§ Task statement: Word for word, repeat the data that follows. Do not include the pictures.

--- Given information Enclosed Below ---

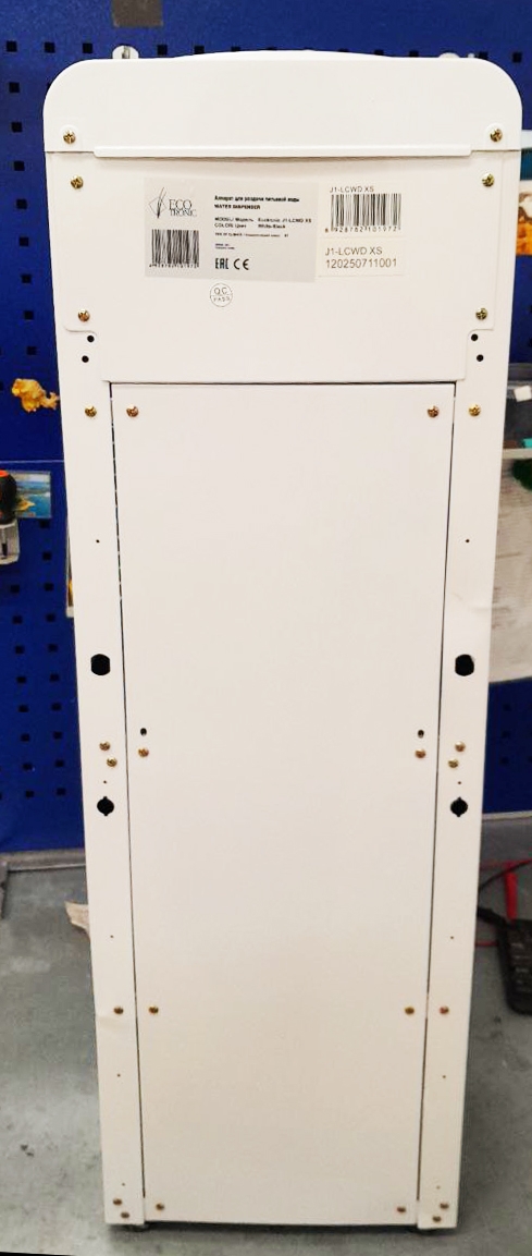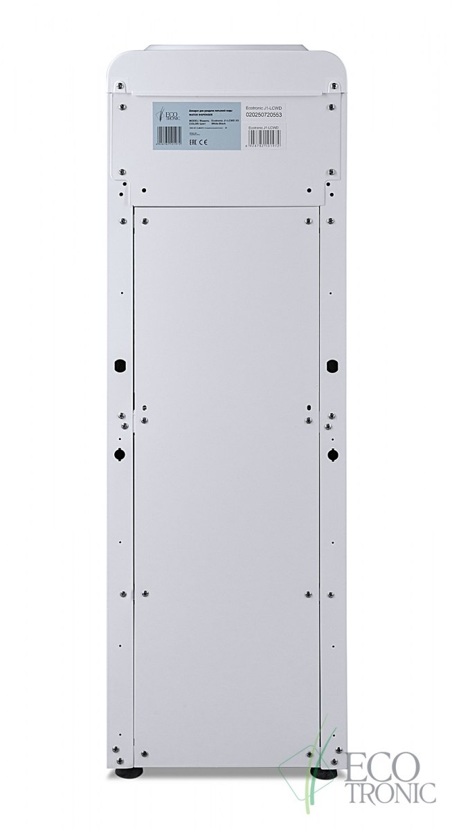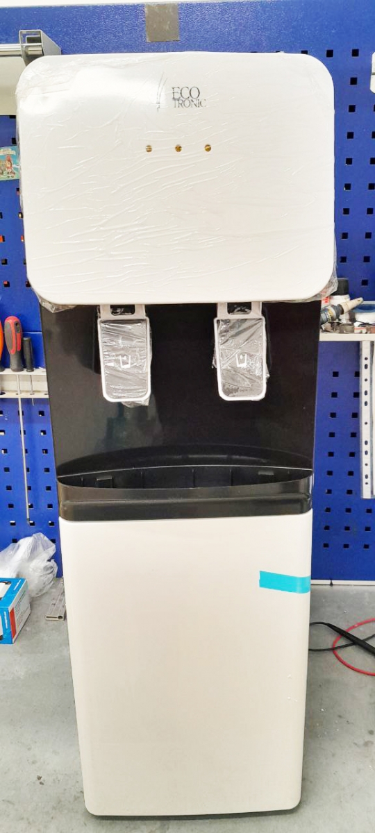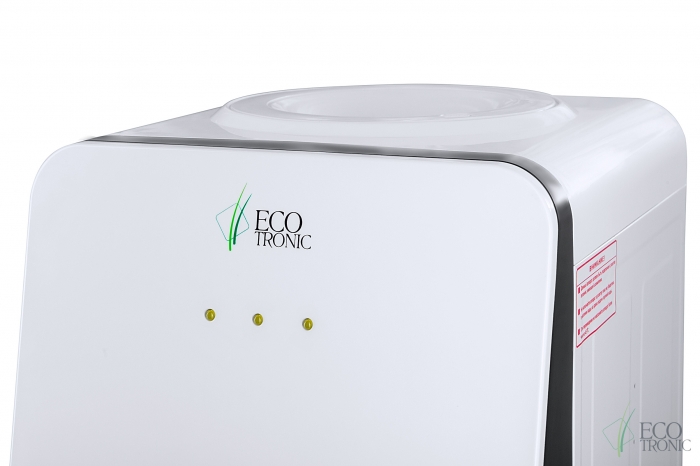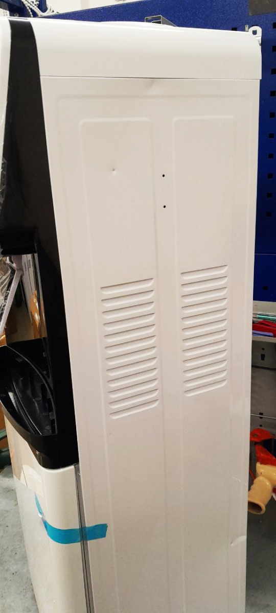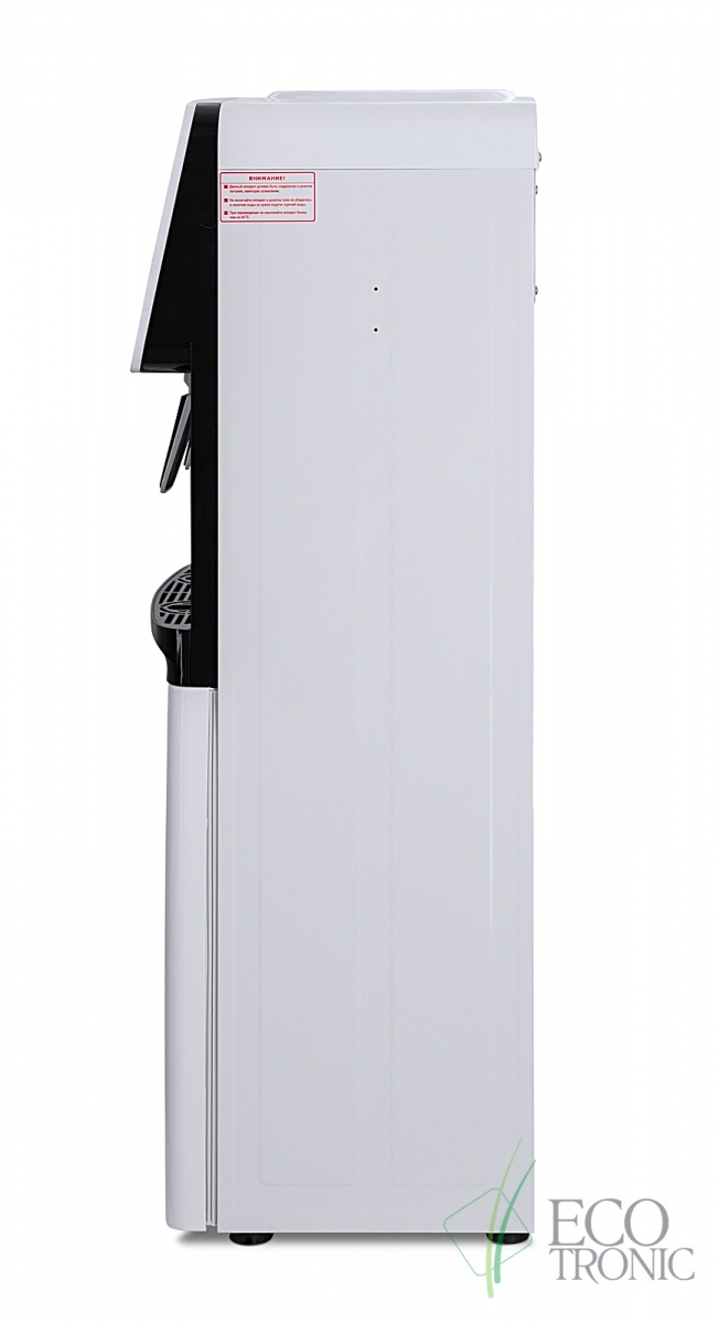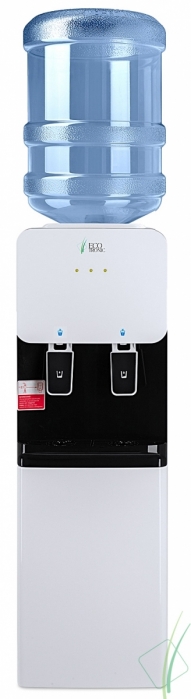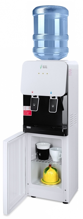 Компактный раздатчик для воды без нагрева и охлаждения. С небольшим шкафчиком в нижней части. Корпус белого цвета с черной вставкой в области кранов подачи воды. Без подключения к сети. Краны «нажим кружкой».
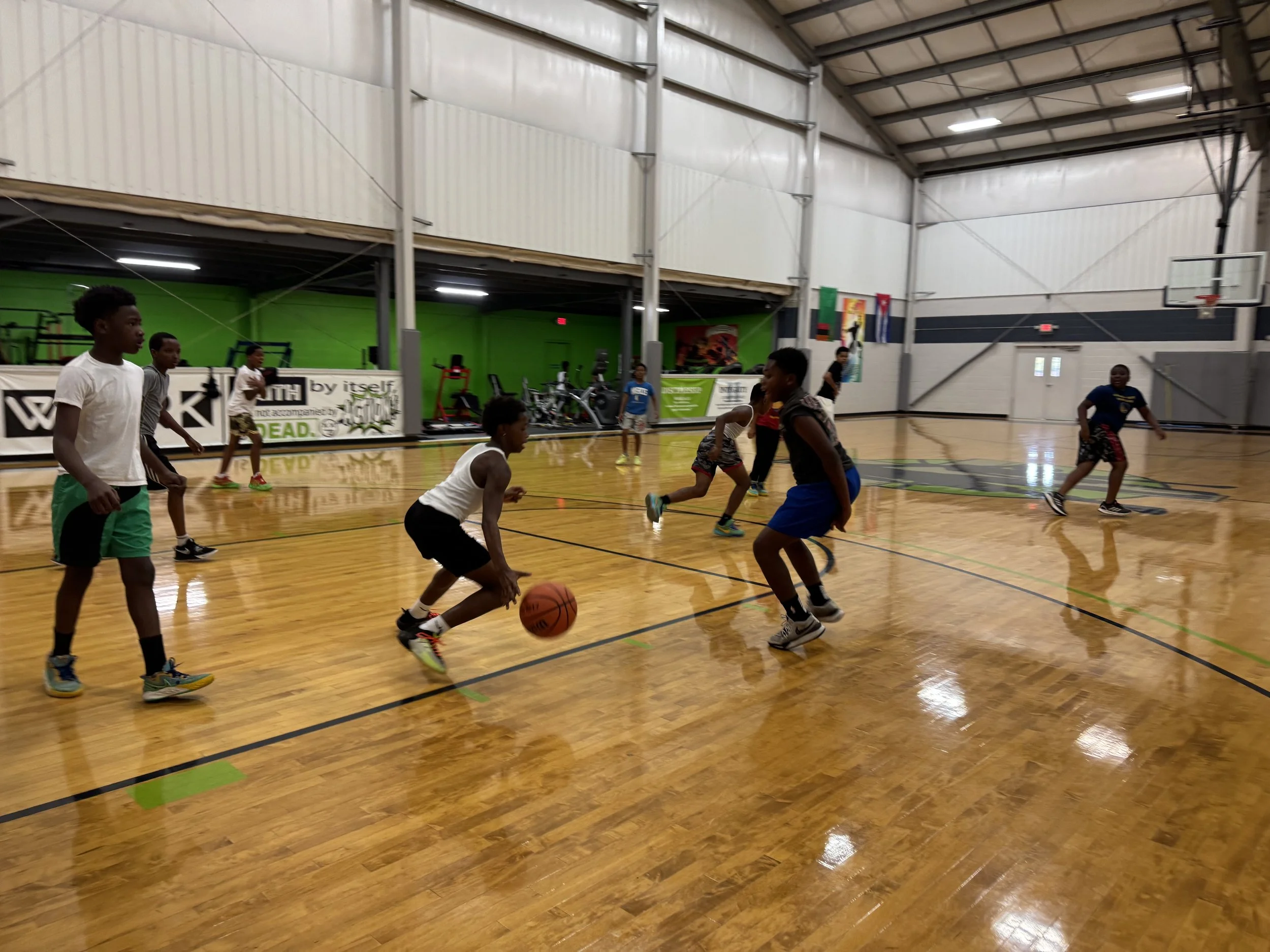 Beyond basketball, our facility includes a fully equipped weight room featuring treadmills, stationary bikes, free weights, bench presses, and a variety of strength-training machines. These resources are designed to improve overall physical fitness and build strength, supporting holistic athletic development.
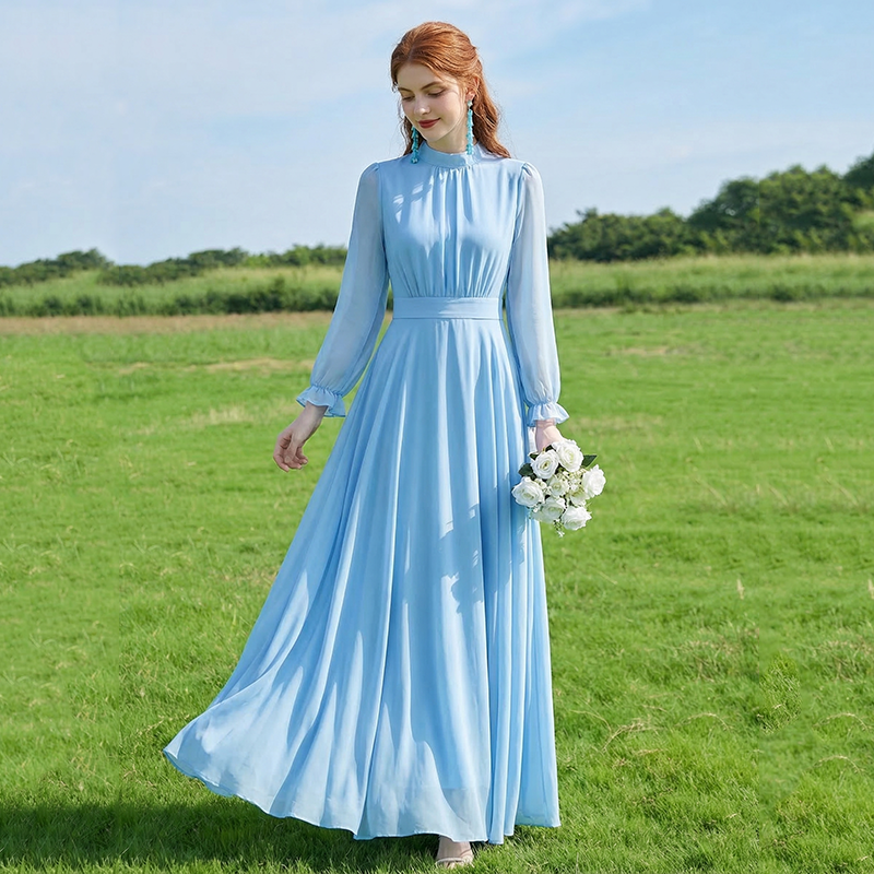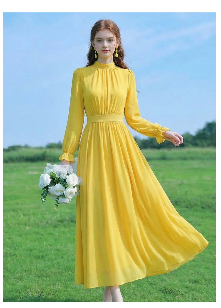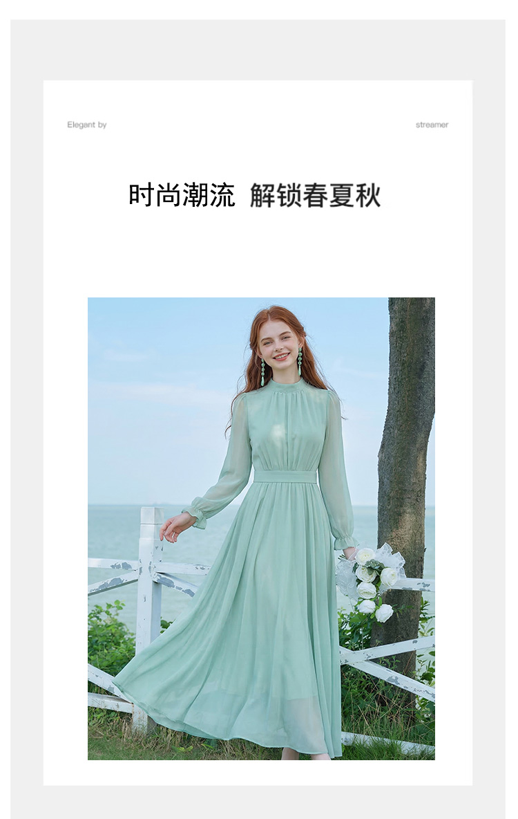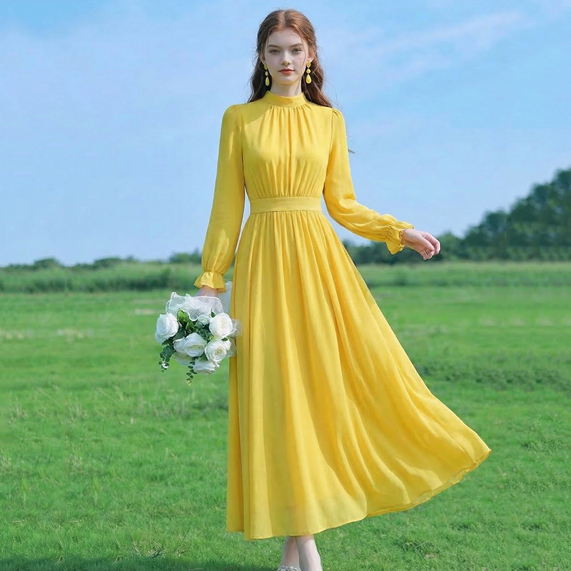 롱 코트 쉬폰 여성 드레스 2026 가을 새로운 프랑스식 여행 휴가 사진 찍기 우아한 슈퍼 요정 롱 스커트

--- End of Enclosed Given information ---

§ Answer box:
 Компактный раздатчик для воды без нагрева и охлаждения. С небольшим шкафчиком в нижней части. Корпус белого цвета с черной вставкой в области кранов подачи воды. Без подключения к сети. Краны «нажим кружкой».
 Beyond basketball, our facility includes a fully equipped weight room featuring treadmills, stationary bikes, free weights, bench presses, and a variety of strength-training machines. These resources are designed to improve overall physical fitness and build strength, supporting holistic athletic development.
 롱 코트 쉬폰 여성 드레스 2026 가을 새로운 프랑스식 여행 휴가 사진 찍기 우아한 슈퍼 요정 롱 스커트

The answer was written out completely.